** TASK GOAL **
The lines to extract run from the first line of the material below to the line containing "В комплект входит: рубаха, жилетка, брюки", both included; leave the pictures behind.

** DATA SUPPLIED **
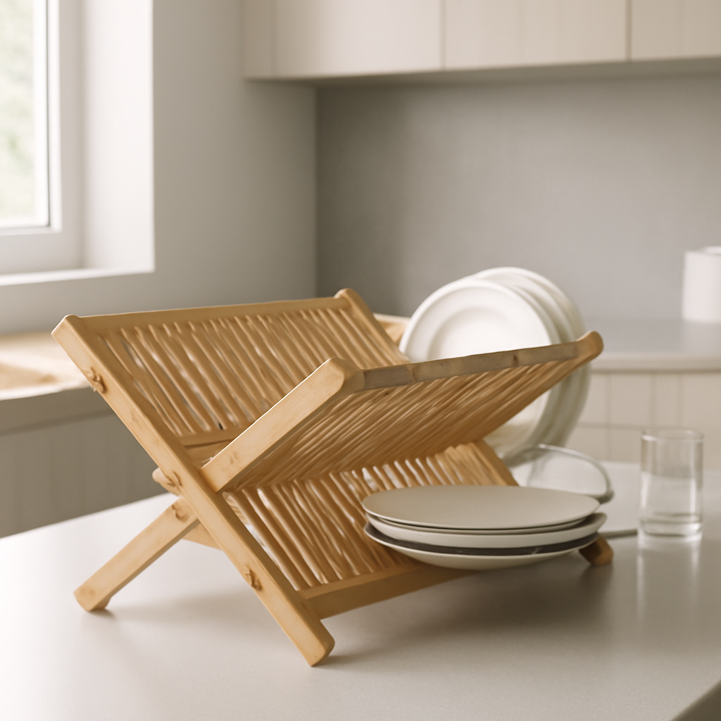 O Escorredor de Pratos Articulado em Bambu Dobravel é uma solução elegante e funcional que une design e praticidade. Feito em bambu natural, um material que não retém umidade e possui propriedades antibacterianas, ele se destaca por sua durabilidade e higiene na cozinha.
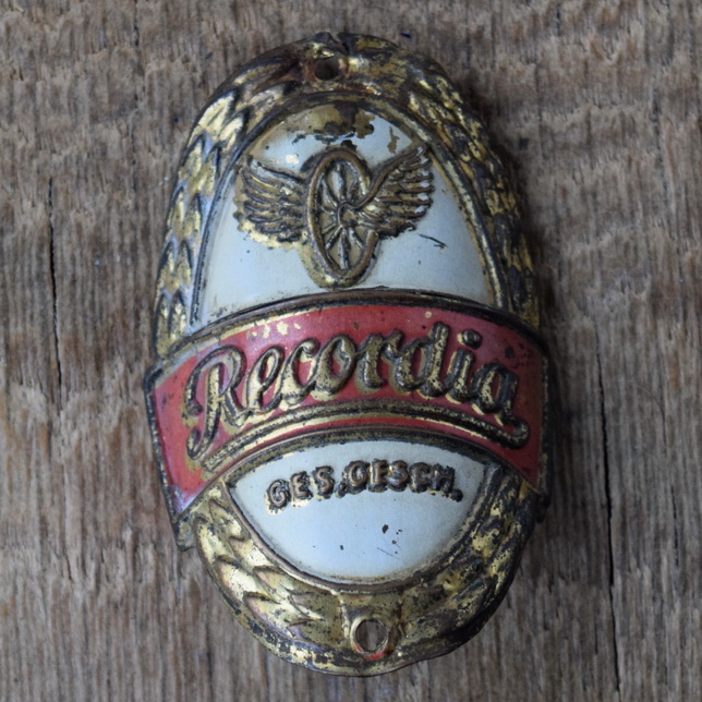 Steuerkopfschild RECORDIA, 50er Jahre, Originalschild aus Sammlungsbestand, Lochabstand 54 mm
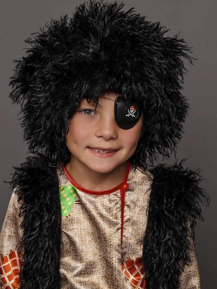 В комплект входит: рубаха, жилетка, брюки с сапогами, шапка и повязка на глаз.
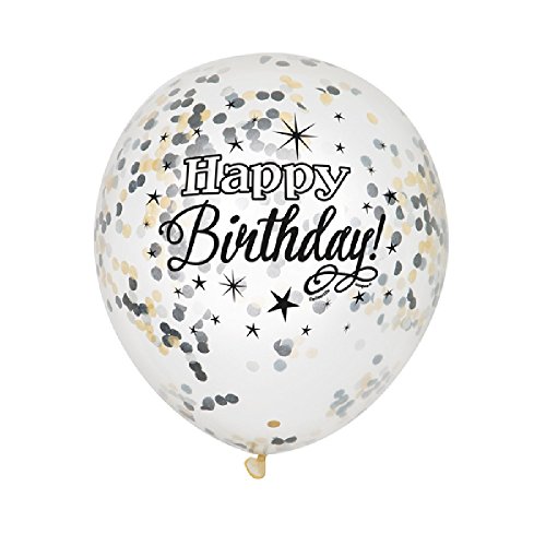 Unique Party 58285 - Ballons de Baudruche Confettis - 30 cm - Fête d'Anniversaire à thème Scintillante Argentée - Confettis de Couleur Noir, Argent et Or - Paquet de 6
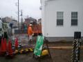本日、雨の中着工しました
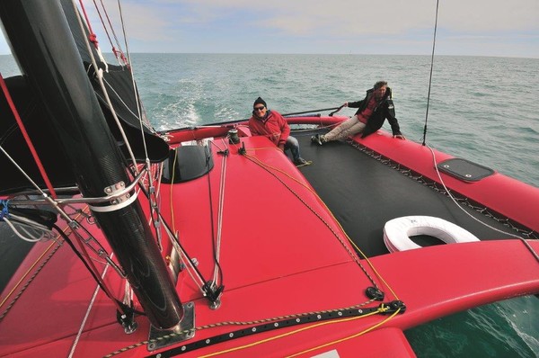 Ce trimaran bodybuildé n'a laissé personne insensible sur les pontons de La Grande Motte 2019 ; le Libertist est beau ! Le dessin des bras est une réussite. Leur forme harmonieuse tout comme l’état de surface impeccable du composite participent à la séduction immédiate. Le principe d'assemblage est intelligent : les bras sont encastrés dans une réservation du pont et solidement boulonnés, tout comme leurs liaisons avec les flotteurs. Ces derniers affichent un volume important associé à des entrées d'eau affûtées. On remarque également deux petits foils fixes en carbone. La coque centrale est un véritable exercice de style : les lignes filent magnifiquement, les proportions sont habiles, et l'étrave (droite) ne cède à aucune mode passagère. Les œuvres vives tendues traduisent le potentiel de performances, mais l'ergonomie du pont, des bras, des trampolines est agréable et compatible avec la croisière familiale. Le cockpit est confortable et sécurisant.
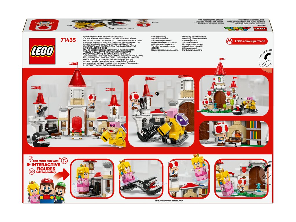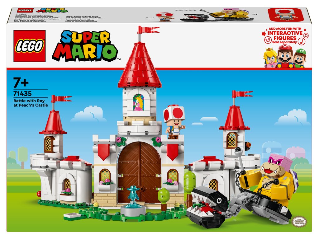 Se setem LEGO® Super Mario™ (71435) Bitva s Royem na hradě Peach se děti mohou těšit na hodiny objevování, bojování a přehrávání příběhů ze slavné lokality ze světa hry Super Mario™. Tento set s postavičkami Nintendo® představuje skvělý dárek pro holky, kluky a milovníky videoher od 7 let a součástí je model hradu princezny z kostek LEGO, který lze otevřít pro snadnější přístup během herních dobrodružství. Má snadno přestavitelné zdi, které se při obléhání rozpadnou, věž, katapult, otočný trůn a fontánu na zahradě. Součástí jsou také 3 figurky LEGO Super Mario: Roy (poprvé v setu LEGO Super Mario), Chain Chomp a Toad.
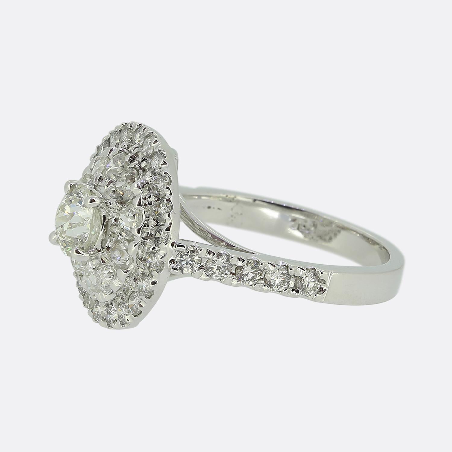 Here we have a fabulous diamond cluster ring. Crafted from 18ct white gold, this multilayered piece features a single round faceted old cut diamond at the centre of the face. This principal stone sits slightly risen in a four clawed setting before being surrounded by a double halo of additional round faceted diamonds. This radiant display is then complemented by five matching diamonds at either shoulder before the ring is made complete by an otherwise plain polished band.
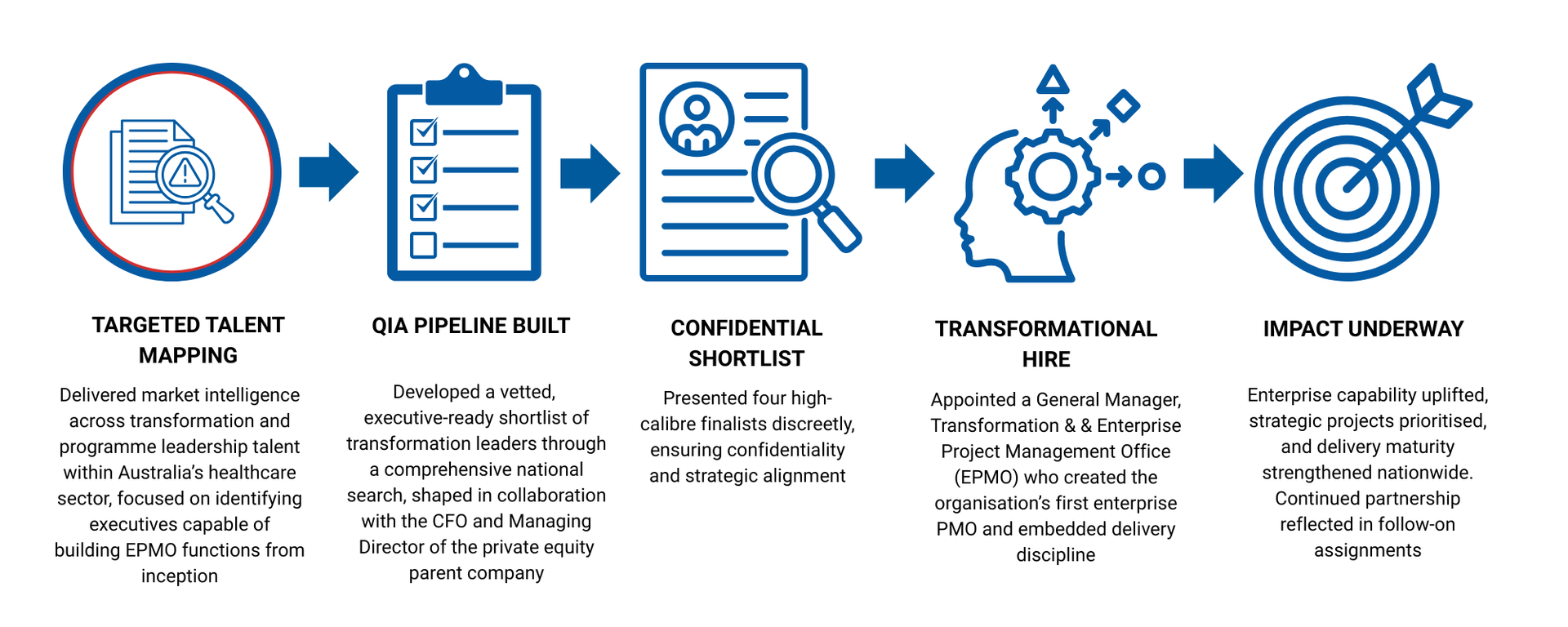 Momentum Search & Selection was engaged to conduct a critical executive search for a healthcare organisation newly acquired by a private equity firm. Despite operating multiple healthcare facilities across Australia, the business lacked an enterprise-wide project management office to coordinate strategic initiatives and uplift delivery capability.
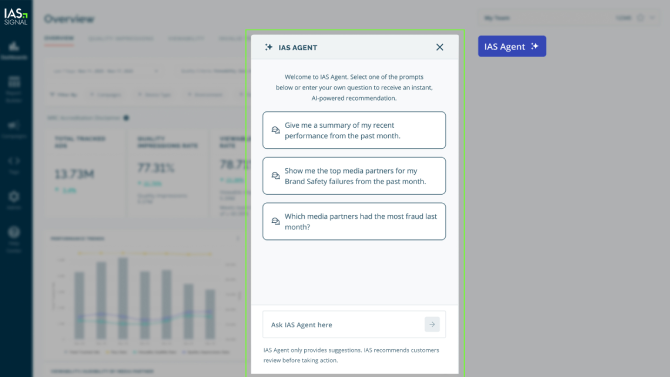 IAS Agent abilita un accesso più rigoroso e potenziato dall’AI alla brand governance, agli insight di campagne e a workflow significativamente semplificati, permettendo una comprensione completa e raccomandazioni di performance trasversali a publisher e piattaforme. Le raccomandazioni di IAS Agent si basano su un patrimonio di intelligence esteso e consolidato, e non su un dataset di training limitato.
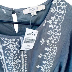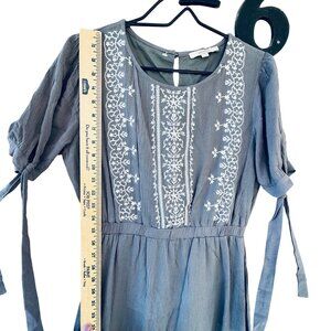 Antoinette By Bohme Embroidered Boho Dress Small Gray 100 % Rayon
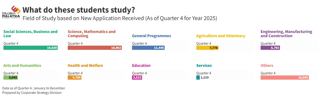 同时,全年中国学生累计申请量高达 75,434 份,约占国际生总量的三分之一,依然是马来西亚国际教育体系中最重要的生源支柱。
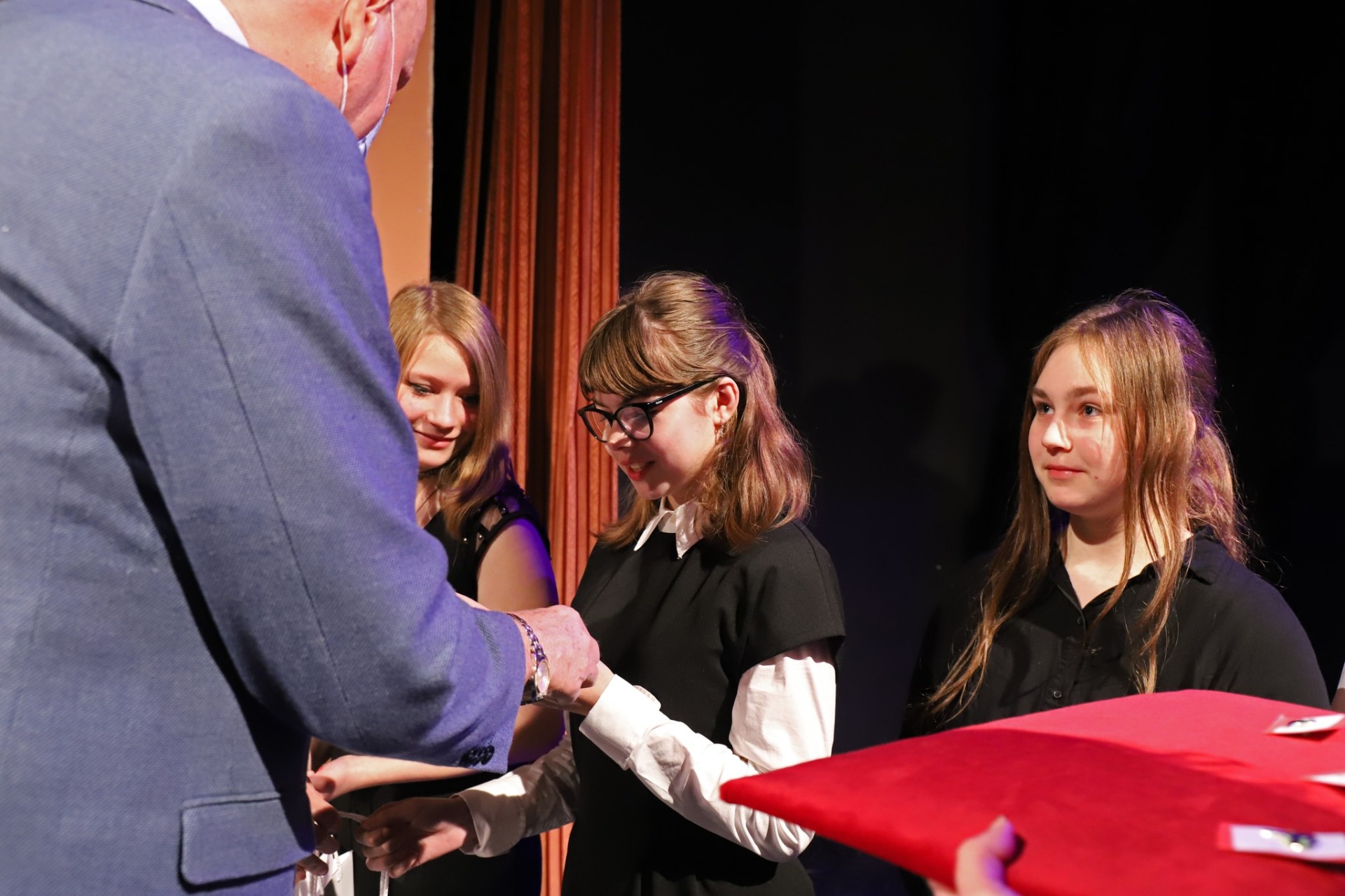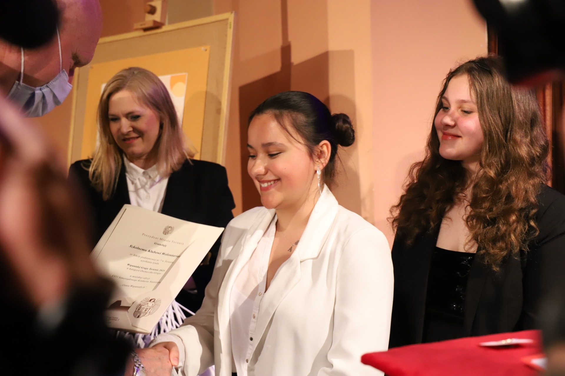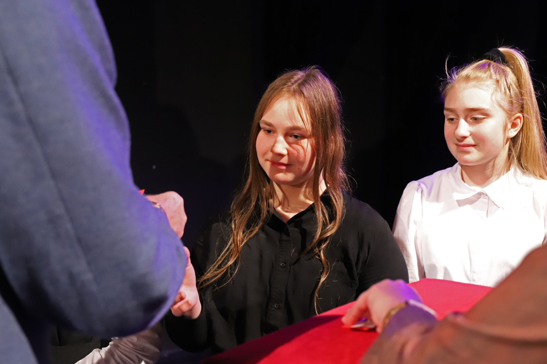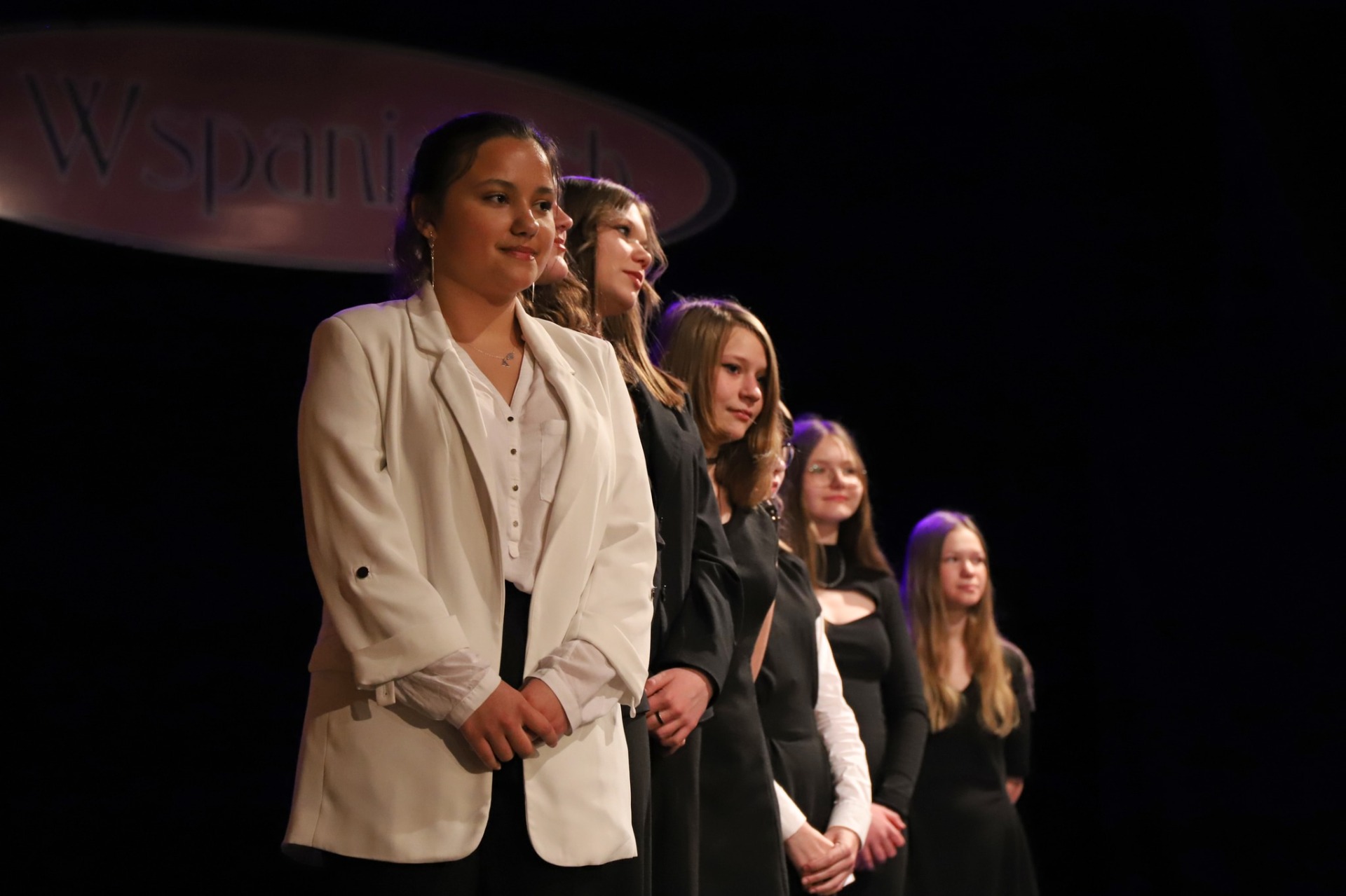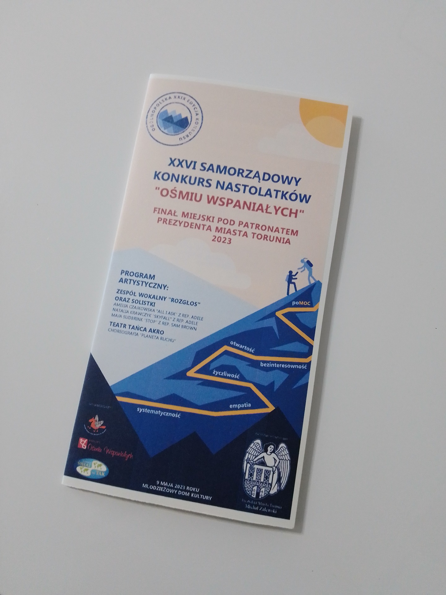 9 maja 2023 r. w Młodzieżowym Domu Kultury w Toruniu odbył się finał XXVI edycji Samorządowego Konkursu 8 Wspaniałych. Podczas uroczystej gali uczennice naszej szkoły z klasy 8a i 8c - Amelka, Hania, Olga, Nadia, Weronika, Oliwia, Marta, Daria i Aliya odebrały pamiątkowe odznaki i upominki za działalność w Szkolnym Klubie Wolontariatu.

** ANSWER SPACE **
 O Escorredor de Pratos Articulado em Bambu Dobravel é uma solução elegante e funcional que une design e praticidade. Feito em bambu natural, um material que não retém umidade e possui propriedades antibacterianas, ele se destaca por sua durabilidade e higiene na cozinha.
 Steuerkopfschild RECORDIA, 50er Jahre, Originalschild aus Sammlungsbestand, Lochabstand 54 mm
 В комплект входит: рубаха, жилетка, брюки с сапогами, шапка и повязка на глаз.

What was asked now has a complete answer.